From: Raghavendra K T <raghavendra.kt@linux.vnet.ibm.com>
To: "Andrew M. Theurer" <habanero@linux.vnet.ibm.com>
Cc: "H. Peter Anvin" <hpa@zytor.com>,
Thomas Gleixner <tglx@linutronix.de>,
Marcelo Tosatti <mtosatti@redhat.com>,
Ingo Molnar <mingo@redhat.com>, Avi Kivity <avi@redhat.com>,
Rik van Riel <riel@redhat.com>, S390 <linux-s390@vger.kernel.org>,
Carsten Otte <cotte@de.ibm.com>,
Christian Borntraeger <borntraeger@de.ibm.com>,
KVM <kvm@vger.kernel.org>, chegu vinod <chegu_vinod@hp.com>,
LKML <linux-kernel@vger.kernel.org>, X86 <x86@kernel.org>,
Gleb Natapov <gleb@redhat.com>,
linux390@de.ibm.com,
Srivatsa Vaddagiri <srivatsa.vaddagiri@gmail.com>,
Joerg Roedel <joerg.roedel@amd.com>
Subject: Re: [PATCH RFC 0/2] kvm: Improving directed yield in PLE handler
Date: Tue, 10 Jul 2012 14:56:12 +0530 [thread overview]
Message-ID: <4FFBF534.5040107@linux.vnet.ibm.com> (raw)
In-Reply-To: <1341870457.2909.27.camel@oc2024037011.ibm.com>
On 07/10/2012 03:17 AM, Andrew Theurer wrote:
> On Mon, 2012-07-09 at 11:50 +0530, Raghavendra K T wrote:
>> Currently Pause Looop Exit (PLE) handler is doing directed yield to a
>> random VCPU on PL exit. Though we already have filtering while choosing
>> the candidate to yield_to, we can do better.
>
> Hi, Raghu.
Hi Andrew,
Thank you for your analysis and inputs
>
>> Problem is, for large vcpu guests, we have more probability of yielding
>> to a bad vcpu. We are not able to prevent directed yield to same guy who
>> has done PL exit recently, who perhaps spins again and wastes CPU.
>>
>> Fix that by keeping track of who has done PL exit. So The Algorithm
in series
>> give chance to a VCPU which has:
>>
>> (a) Not done PLE exit at all (probably he is preempted lock-holder)
>>
>> (b) VCPU skipped in last iteration because it did PL exit, and
probably
>> has become eligible now (next eligible lock holder)
>>
>> Future enhancemnets:
>> (1) Currently we have a boolean to decide on eligibility of vcpu. It
>> would be nice if I get feedback on guest (>32 vcpu) whether we can
>> improve better with integer counter. (with counter = say f(log
n )).
>>
>> (2) We have not considered system load during iteration of vcpu.

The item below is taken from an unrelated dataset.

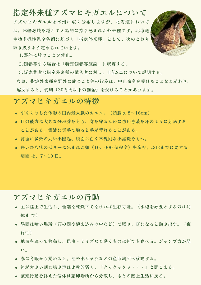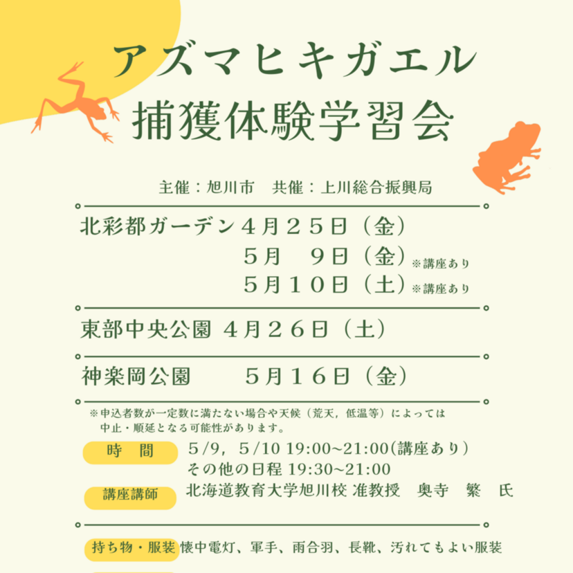 2025年4月25日(金)に旭川市の北彩都ガーデンで『アズマヒキガエル捕獲体験学習会』が開催されます。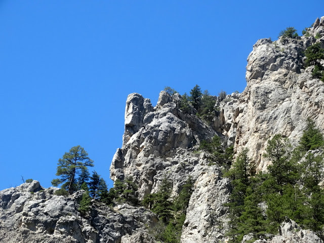Since today was my birthday, it was terrific timing for this boat cruise through the Gates of the Mountains. Today on July 19, 1805 Meriwether Lewis passed through these gates and named them. When he went though there were no dams on the Missouri River. Now traversing the river is easier because the water is 25' higher and the rapids are no longer there. Otherwise, though that group of explorers saw the same beautiful scenery that we saw today. It got into the 90's today but we took the 11 AM trip and with the breeze we were great out on the water.

With
>> that information we can limit the scan and also decide whether
schedule()
>> is better. [ I am able to use #kicked vcpus to decide on this
But may
>> be there are better ideas like information from global loadavg.]
>>
>> (3) We can exploit this further with PV patches since it also
knows about
>> next eligible lock-holder.
>>
>> Summary: There is a huge improvement for moderate / no overcommit
scenario
>> for kvm based guest on PLE machine (which is difficult ;) ).
>>
>> Result:
>> Base : kernel 3.5.0-rc5 with Rik's Ple handler fix
>>
>> Machine : Intel(R) Xeon(R) CPU X7560 @ 2.27GHz, 4 numa node, 256GB RAM,
>> 32 core machine
>
> Is this with HT enabled, therefore 64 CPU threads?
No. HT disabled with 32 online CPUs
>
>> Host: enterprise linux gcc version 4.4.6 20120305 (Red Hat 4.4.6-4)
(GCC)
>> with test kernels
>>
>> Guest: fedora 16 with 32 vcpus 8GB memory.
>
> Can you briefly explain the 1x and 2x configs? This of course is highly
> dependent whether or not HT is enabled...
1x config: kernbench/ebizzy/sysbench running on 1 guest (32 vcpu)
all the benchmarks have 2*#vcpu = 64 threads
2x config: kernbench/ebizzy/sysbench running on 2 guests each with 32
vcpu)
all the benchmarks have 2*#vcpu = 64 threads
>
> FWIW, I started testing what I would call "0.5x", where I have one 40
> vcpu guest running on a host with 40 cores and 80 CPU threads total (HT
> enabled, no extra load on the system). For ebizzy, the results are
> quite erratic from run to run, so I am inclined to discard it as a
I will be posting full run detail (individual run) in reply to this
mail since it is big. I have posted stdev also with the result.. it has
not shown too much deviation.
> workload, but maybe I should try "1x" and "2x" cpu over-commit as well.
>
>> From initial observations, at least for the ebizzy workload, the
> percentage of exits that result in a yield_to() are very low, around 1%,
> before these patches.
Hmm Ok..
IMO for a under-committed workload, probably low percentage of yield_to
was expected, but not sure whether 1% is too less though.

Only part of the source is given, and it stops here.